Tak lama kemudian, Xiao Mo datang ke halaman Nyonya Wang, menanyakan apakah Nyonya Wang ingin pergi ke Sekte Sepuluh Ribu Dao.
Nyonya Wang setuju.
Saat itu, Nyonya Wang sepenuhnya mempercayai Xiao Mo.
Lagipula, tanpa Xiao Mo, dia dan putrinya tidak tahu nasib seperti apa yang akan mereka hadapi.
Xiao Mo meminta ketua cabang untuk memilih beberapa kultivator wanita untuk mengawal mereka.
Menghadapi instruksi Xiao Mo, kepala cabang tentu saja tidak berani bermalas-malasan.
Setelah berpamitan kepada Nyonya Wang dan putrinya, Xiao Mo melanjutkan perjalanan menuju Sekte Naga Hitam.
Kini sudah musim gugur, dengan dedaunan kuning layu yang menumpuk di seluruh hutan pegunungan.
Setiap kali kaki Xiao Mo menginjak dedaunan, akan terdengar suara “gemerisik”.
Saat berjalan, Xiao Mo menghentikan langkahnya, berbalik, dan mengayunkan pedangnya dengan lambaian tangannya.
Cahaya pedang berwarna merah darah berkilat.
Sebuah pohon yang tidak jauh dari situ tumbang dengan suara gemuruh.
Gadis kecil yang bersembunyi di balik pohon itu tidak punya tempat untuk bersembunyi.
“Sudah kubilang, jika kau terus mengikutiku, aku akan membunuhmu.”
Xiao Mo berbalik, menatap Wangxin dengan dingin.
Wangxin menundukkan kepalanya, melirik pohon besar yang tumbang di depannya, lalu mengangkat kepalanya untuk melihat Xiao Mo, tangan kecilnya dengan lembut menggenggam jubah biksunya, “Aku… aku mengkhawatirkanmu…”

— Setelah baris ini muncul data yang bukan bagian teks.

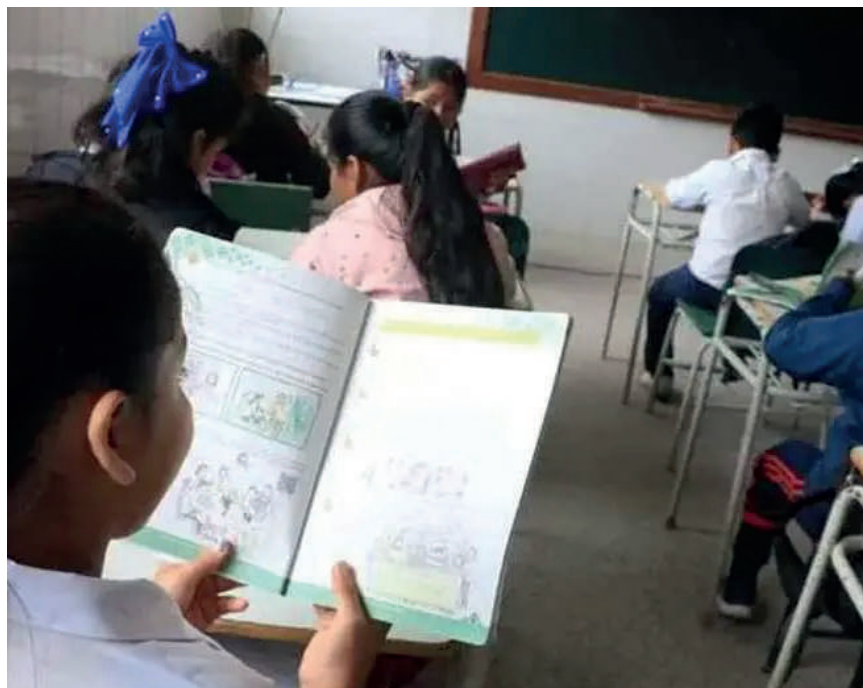
El Gobierno visualiza reunión con padres de familia de colegios particulares la siguiente semana / JUAN CARLOS TORREJÓN

“Nos vamos a reunir con la Asociación Nacional de Padres de Familia para coordinar acciones contra cualquier colegio particular que no
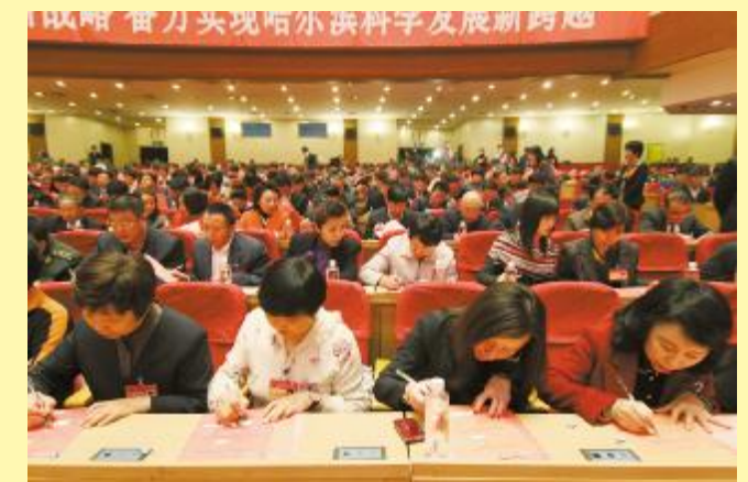
——哈尔滨市十四届人大一次会议剪影
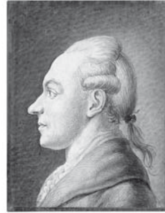
Abb. 19. Johann Heinrich Merck am 3. August 1774.
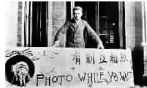
▲ 1907年张园万国赛珍会上的外国人照相摊位
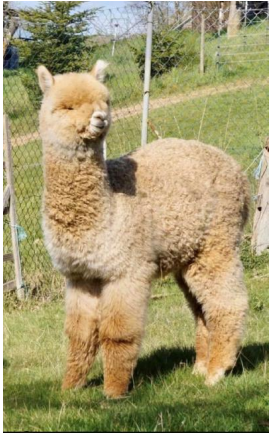
Alpaca Photo 3
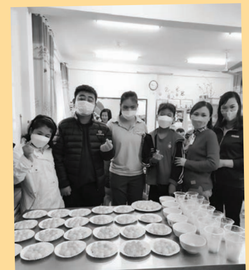
Jedes Jahr zum "Han Thuc" Tetfest werden in Vietnam traditionell kleine, runde Kuchen gebacken, die im Anschluss gemeinsam gegessen werden, während man der Verstorbenen gedenkt. Dieser Tradition sind die Kinder gemeinsam mit ihren Lehrern nachgekommen.
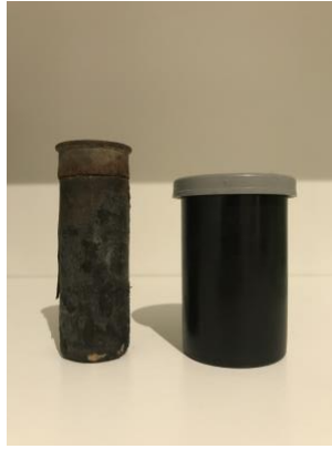
Mynd 8: Til vinstri: Haglaskot, til hægri hólkur utan um filmur

Þar sem að pabbi minn er „byssukall“ á hann sitt safn af bæði skotvopnum og öðrum aukahlutum tengdum þeim. Í rannsóknarvinnunni gerði ég mér ferð inn í geymslu heima hjá honum þar sem við tókum meðal annars í sundur nokkur mismunandi skotvopn. Í þessum rannsóknarleiðangri skoðaði ég einnig mismunandi tegundir af sjónaukum og skotum. Það sem mér fannst áhugaverðast við þessa rannsókn var að þegar ég tók upp byssuna hans þurfti ég að leggja kinn mína upp að skafti byssunnar til þess að sjá í gegnum sjónaukan og loka vinstra auganu. Tilfinningin sem ég upplifði var ansi lík þeirri sem ég fæ þegar ég horfi í gegnum sjáaldur á myndavél. Andlit mitt er klesst upp við myndavélina og ég þarf að loka öðru auganu til þess að sjá út. Helsti munurinn var að skotvopn eru talsvert þyngri en hefðbundnar myndavélar, en þessi ritúali (e. ritual) sem að á sér stað var á einhvern hátt hinn sami.
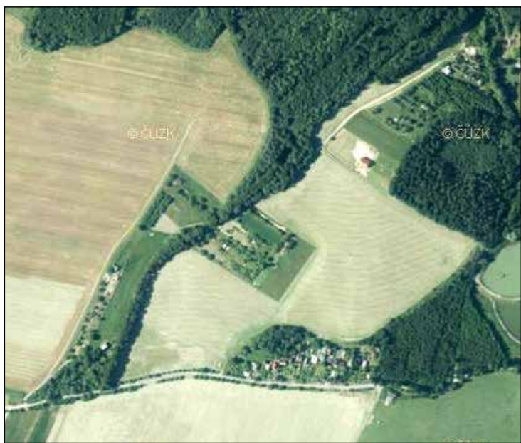
Lokality Rychvald, Kostelíky, Zadní Klče, Na Sušárně a Pastviska v proměnách staletí.
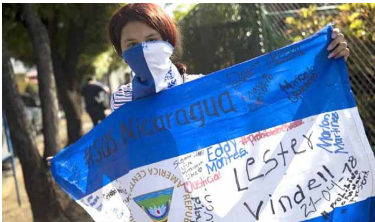
En 2021, Nicaragua decidió retirarse de la OEA, luego que se cuestionara la legitimidad de las elecciones que le dieron la reelección a Daniel Ortega.

Los países miembros instruyeron al organismo a considerar "todas las acciones adicionales" que puedan conducir a un "ejercicio efectivo" de la democracia en el país centroamericano.
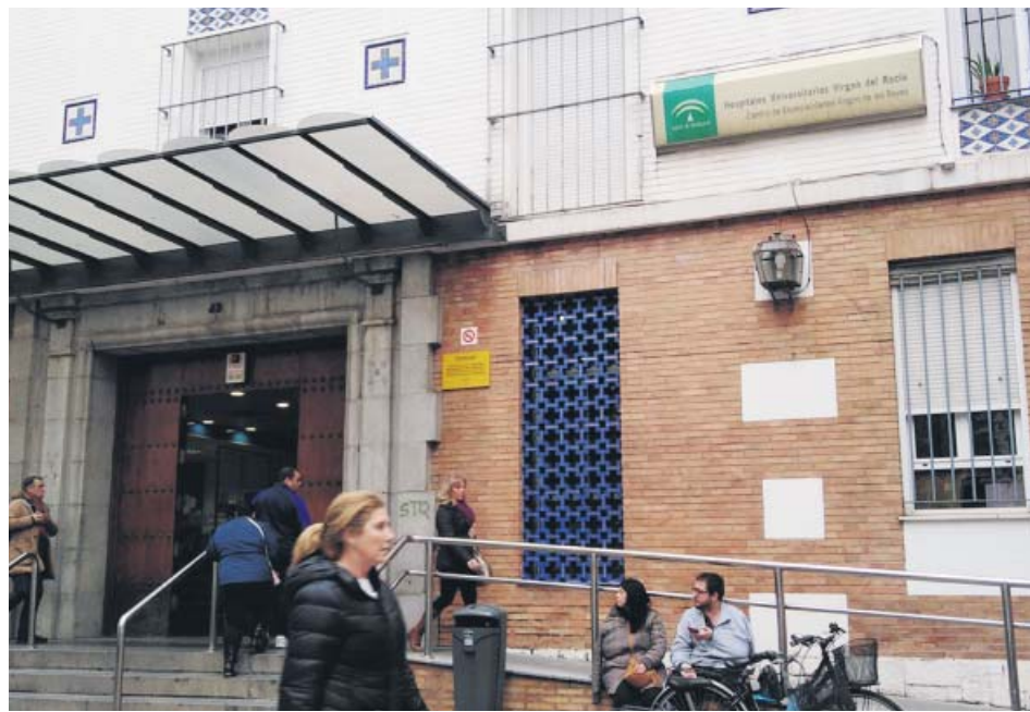
Centro de especialidades Virgen de los Reyes, en Marqués de Paradas.
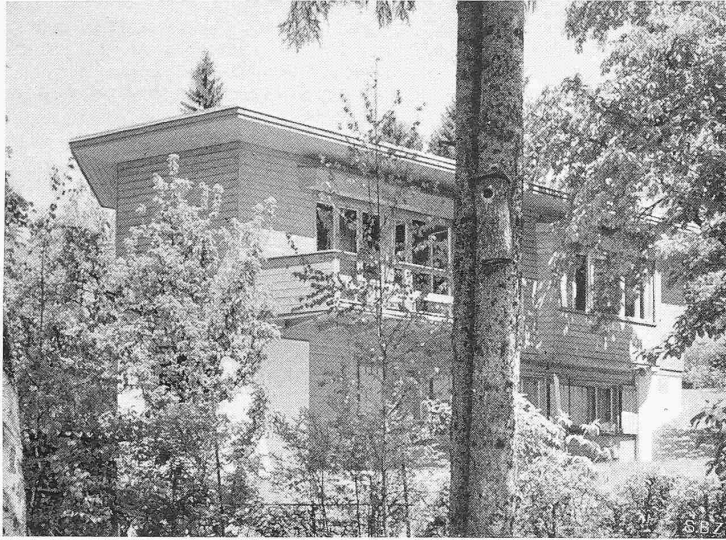
Abb. 6. Gesamtbild aus Süden
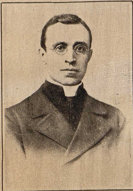
Der neue apostolische Nuntius in Bayern, Monsignore Pacelli. Monsi. Pacelli ist 41 Jahre alt und Dr. der Theologie, der kirchlichen und Zivil-Rechte.
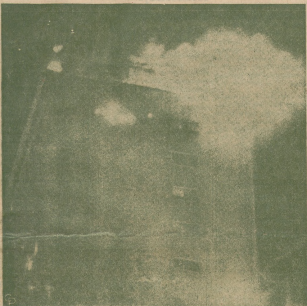
POŻAR RESTAURACJI na 10-em piętrze drapacza chmur w Montgomery, Alabama, zabił 27 osób.
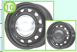
⑩ ネオキャロ (スチールホイール) 軽カーの12と14インチのみ設定有り ※純正ナット使用

※表に記載されていない車種、サイズ、その他タイヤメーカー、オールシーズンタイヤ、ご希望の場合はお問い合わせください。 ※為替が不安定な為、期間内でも急激な値上げをお願いする場合がございます、御了承下さい。
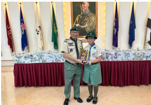
恭喜十八鄉第 9 旅在 2023 年度童軍獎券獲最佳獎券銷售童軍旅優異獎
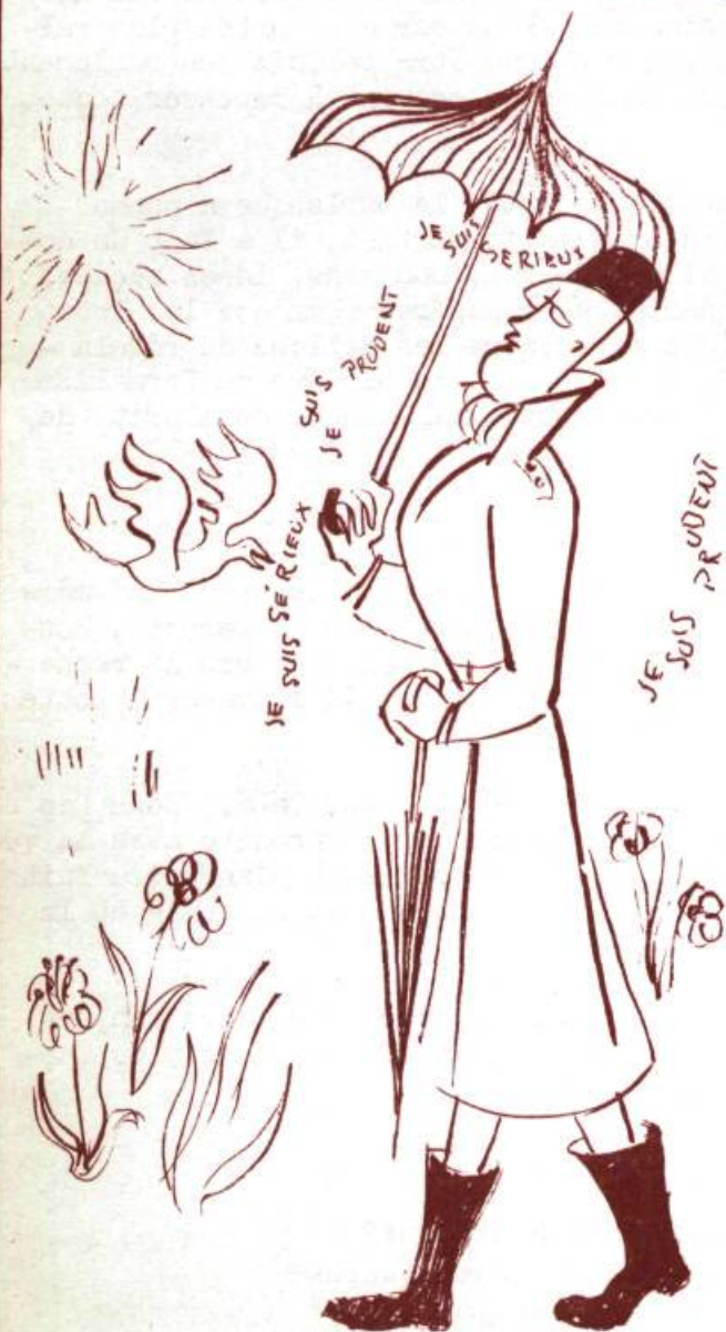
... DE CARACTÈRES
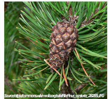
Pino de la costa
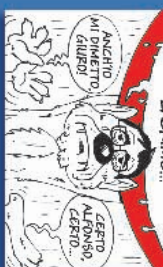
ANCHE MI DIMETTO GIURPO!
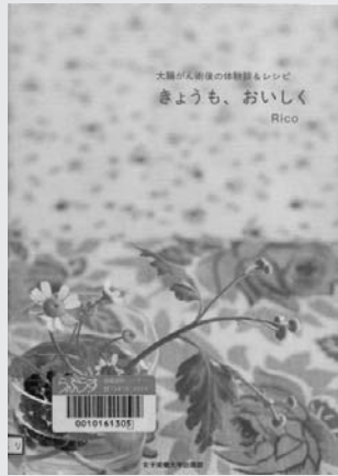
Rico(2005) 『きょうも、おいしく』 女子栄養大学出版部(494.6リ)

著者自身のがんの体験を踏まえて、ダメージを受けた身体と上手に付き合っていくためのヒントをくれる本です。
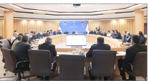
جلسه مدیریت بحران ناترازی گاز برگزار شد
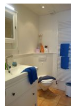
Das Badezimmer im Obergeschoß mit.....
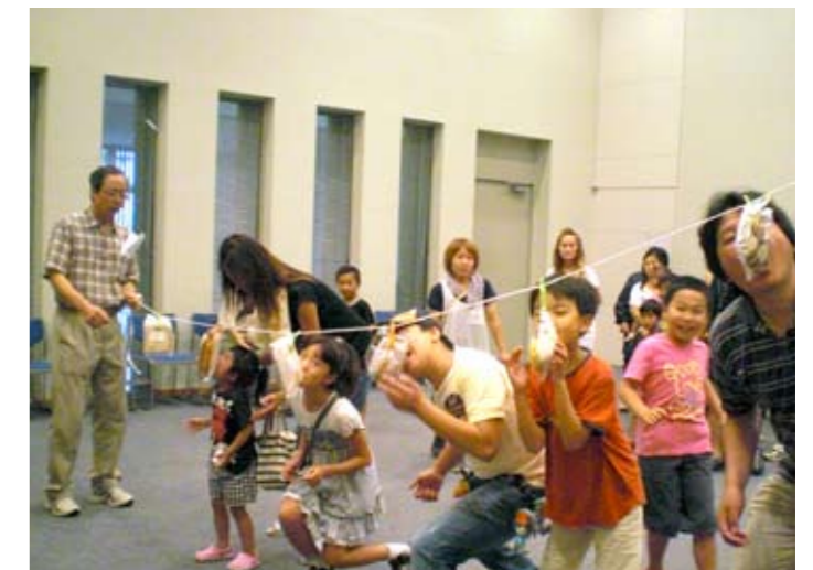
▲パン食い競争ヨーイ、ドン！
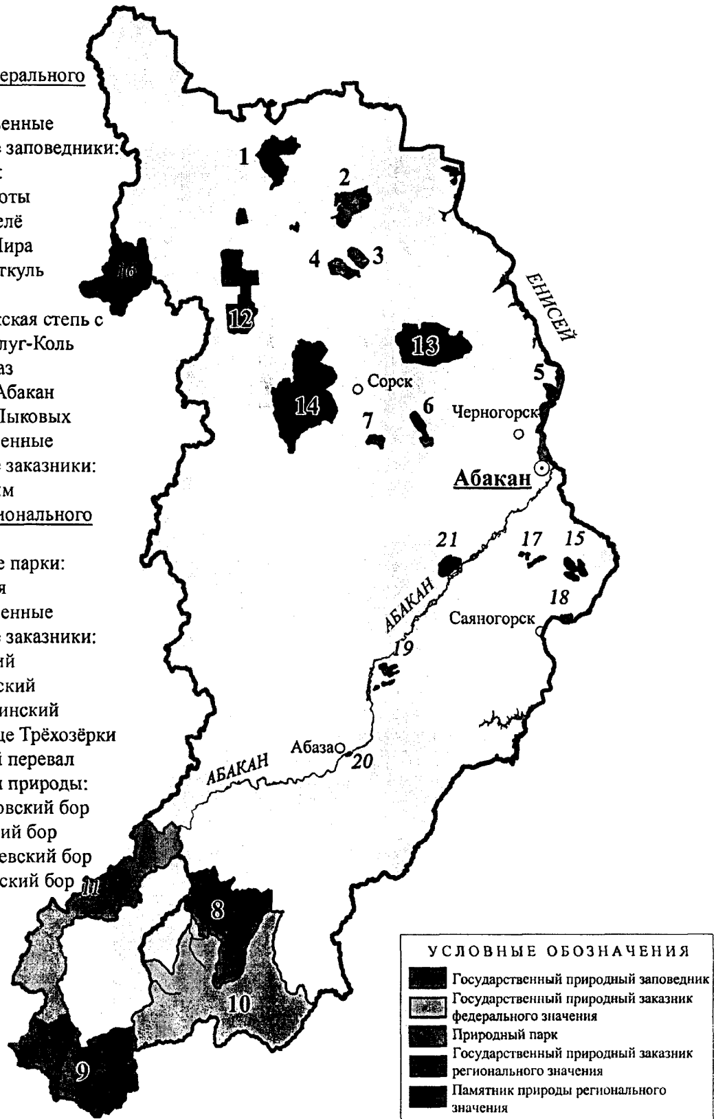
Рисунок 2. – Памятник природы «Абазинский бор» в системе особо охраняемых природных территорий Республики Хакасия

17. Смирновский бор 18. Очурский бор 19. Бондаревский бор 20. Абазинский бор 21. Уйтаг
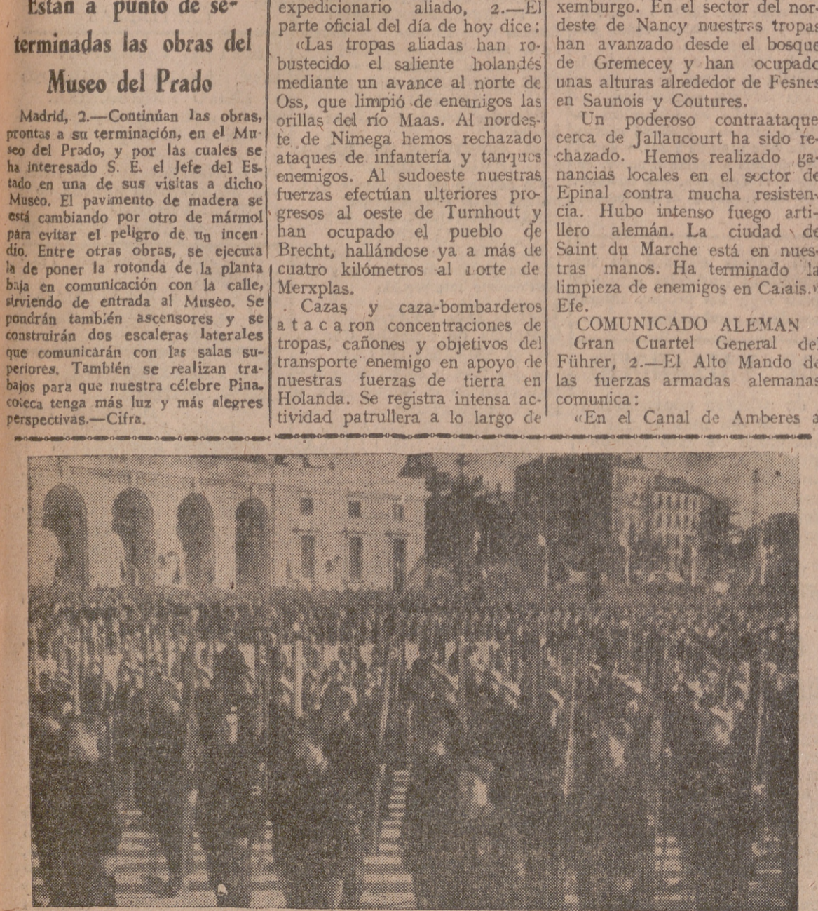
MADRID.—Un aspecto de la magna concentración de las Falanges Juveniles de España celebrada ante el Jefe del Estado, Generalísimo Franco, con motivo del «Día del Caudillo».

Xiao Mo menghela napas dalam-dalam, nadanya tampak menunjukkan ketidakberdayaan, “Guru Wangxin, Anda sekarang adalah seorang biksu terkemuka dari Kuil Kongnian, sementara saya adalah murid sekte iblis. Jika berita ini tersebar, apakah Guru Wangxin tidak lagi peduli dengan reputasinya?”
“Kau bukan iblis.” Wangxin menggelengkan kepalanya dengan tegas, menatap langsung ke mata Xiao Mo, “Aku tidak peduli dengan reputasi. Aku hanya ingin kau sehat… Lagipula, Xiao Mo, aku bisa membantumu mengurangi qi jahat itu…”
Xiao Mo tersenyum tipis, “Lalu bagaimana kau akan membantuku mengurangi qi jahat itu?”
“Melantunkan sutra! Melafalkan sutra akan berhasil!”
Wangxin dengan sungguh-sungguh mengeluarkan sebuah kitab sutra.
“Xiao Mo, izinkan aku mengajarimu melafalkan sutra, ya?”
“…”
Mendengar perkataan Wangxin, Xiao Mo sedikit terkejut dan menggelengkan kepalanya.
“Wangxin, aku akan membunuh banyak sekali orang di sepanjang jalan ini. Melantunkan sutra tidak ada gunanya. Dan kau memiliki Hati yang Mulia dengan Tujuh Bukaan. Di hadapanmu terbentang jalan Buddha yang terbuka, jadi mengapa kau harus terikat padaku?”
“Tapi Xiao Mo…”
Mata Wangxin berkedip lembut.
“Kau berada di jalan di depanku. Aku tidak bisa memutarinya, dan aku juga tidak ingin memutarinya.”